[[ INPUT DATA open ]]
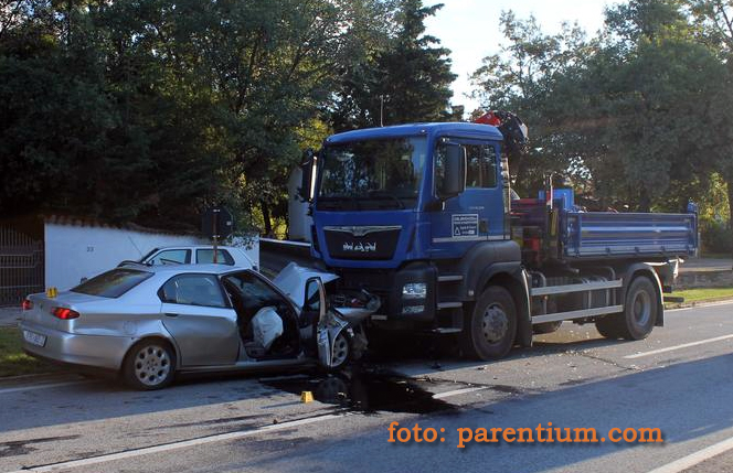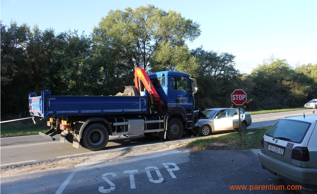 Jutros u 7:53 na cesti D-302 u Buićima blizu Poreča (kod Istarske konobe) došlo je do teške prometne nesreće.Riječ je o frontalnom sudaru osobnog i teretnog vozila, uslijed čega je vozać osobnog vozila pulskih registarskih oznaka, zadio teške ozlijede.
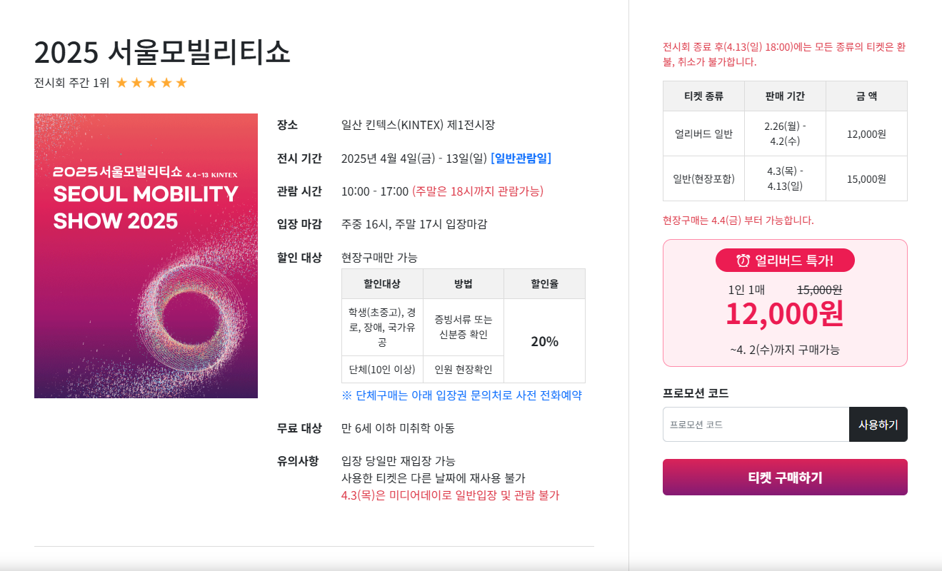 • 할인 혜택: 4월 2일까지 얼리버드 티켓 20% 할인
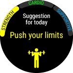 Da qui puoi avviare le sessioni di allenamento. Tocca il display per accedere alla modalità Pre-allenamento e seleziona il profilo sport da utilizzare.
[[ INPUT DATA closed ]]
* **ABOUT THIS EXERCISE**: The reply has to reproduce every line above verbatim and contain no pictures.

* **WRITTEN SOLUTION**:
 Jutros u 7:53 na cesti D-302 u Buićima blizu Poreča (kod Istarske konobe) došlo je do teške prometne nesreće.Riječ je o frontalnom sudaru osobnog i teretnog vozila, uslijed čega je vozać osobnog vozila pulskih registarskih oznaka, zadio teške ozlijede.
 • 할인 혜택: 4월 2일까지 얼리버드 티켓 20% 할인
 Da qui puoi avviare le sessioni di allenamento. Tocca il display per accedere alla modalità Pre-allenamento e seleziona il profilo sport da utilizzare.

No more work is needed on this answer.